Auto insurance prices have gone nuts
If you want to see the damage inflation can do, look no further.
It’s getting to be a bit much.
Auto insurance prices have surged over the last couple years. March consumer inflation out Wednesday shows them up 22% compared to last year. Since the end of 2019 — just before Covid hit — they’re up 45%.
Why? That’s where things get complicated.
In a prophylactic press release released Wednesday morning, an insurance industry trade group cited “greatly increased the cost of repairing and replacing cars” due to inflation. As anyone who has shopped for a new or used car over the last couple years can tell you, costs have gone up. That goes for the costs of replacing minor parts like bumpers or mirrors as well.
Insurers lost a lot of money on those replacement costs in 2021 and 2022, and are now trying to make that money back by raising rates a lot.
Then there’s also the the objectively atrocious driving record of Americans.

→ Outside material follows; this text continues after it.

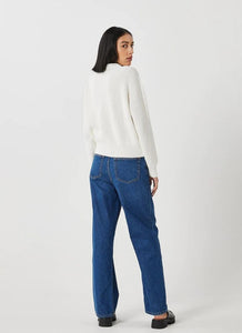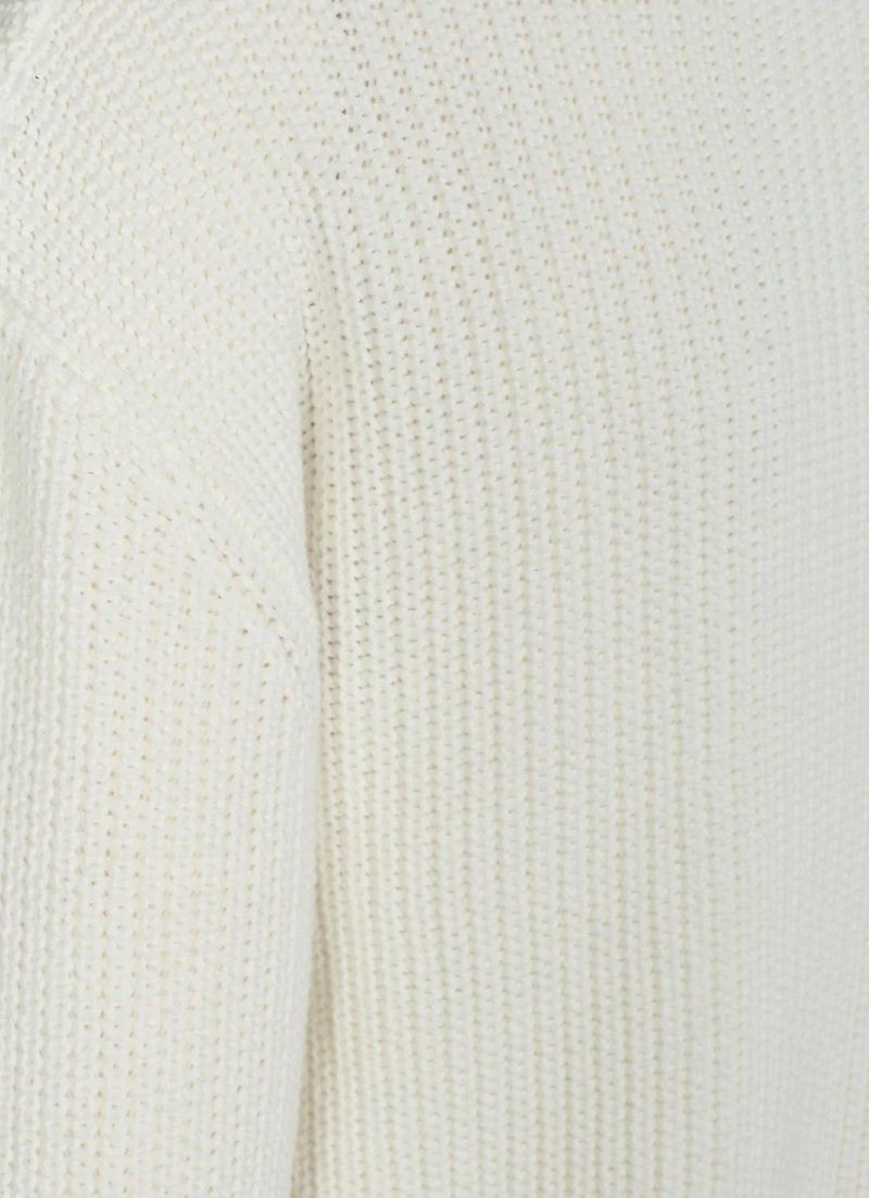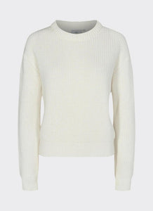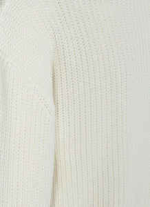 Mikala 2.0 est un pull en maille épaisse, conçu avec une structure côtelée 1 x 1, une coupe légèrement oversize, des épaules descendues et un col rond.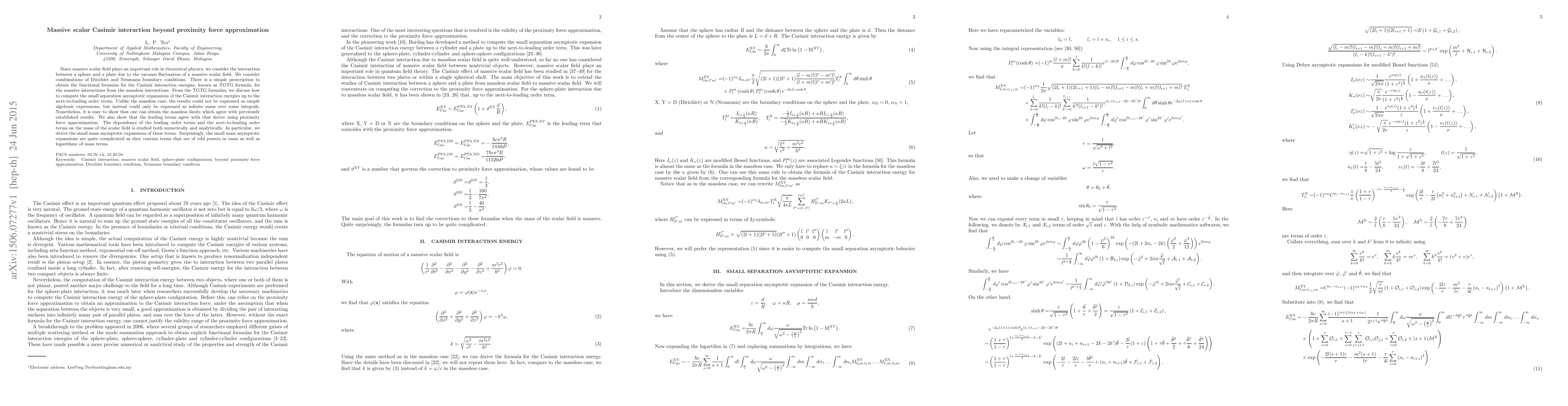 Since massive scalar field plays an important role in theoretical physics, we consider the interaction between a sphere and a plate due to the vacuum fluctuation of a massive scalar field. We consider combinations of Dirichlet and Neumann boundary conditions. There is a simple prescription to obtain the functional formulas for the Casimir interaction energies, known as TGTG formula, for the massive interactions from the massless interactions. From the TGTG formulas, we discuss how to compute the small separation asymptotic expansions of the Casimir interaction energies up to the next-to-leading order terms. Unlike the massless case, the results could not be expressed as simple algebraic expressions, but instead could only be expressed as infinite sums over some integrals. Nonetheless, it is easy to show that one can obtain the massless limits which agree with previously established results. We also show that the leading terms agree with that derive using proximity force approximation. The dependence of the leading order terms and the next-to-leading order terms on the mass of the scalar field is studied both numerically and analytically. In particular, we derive the small mass asymptotic expansions of these terms. Surprisingly, the small mass asymptotic expansions are quite complicated as they contain terms that are of odd powers in mass as well as logarithms of mass terms.

Even before the pandemic, Americans were awful drivers compared to other high income countries, with auto death rates the highest among peer nations. High accident rates are reflected in higher costs of insurance.
And of course there’s also the old-fashioned profit motive. Insurers are trying to make money and raising rates is the way to do it.
“We will continue to pursue rate increases to restore profitability in states that are not yet at target margins,” Jesse Merten, chief financial officer at Allstate told an investor conference in early March. “And in other states, we'll take rate to keep pace with increases in loss costs.”
Wall Street seems pretty confident profits are on the way. Share prices of major auto insurers such as Allstate and Progressive, are hovering near all-time highs, and are handily outpacing the market this year, rising about 21% and 29%, compared to the 8% gain in the S&P 500.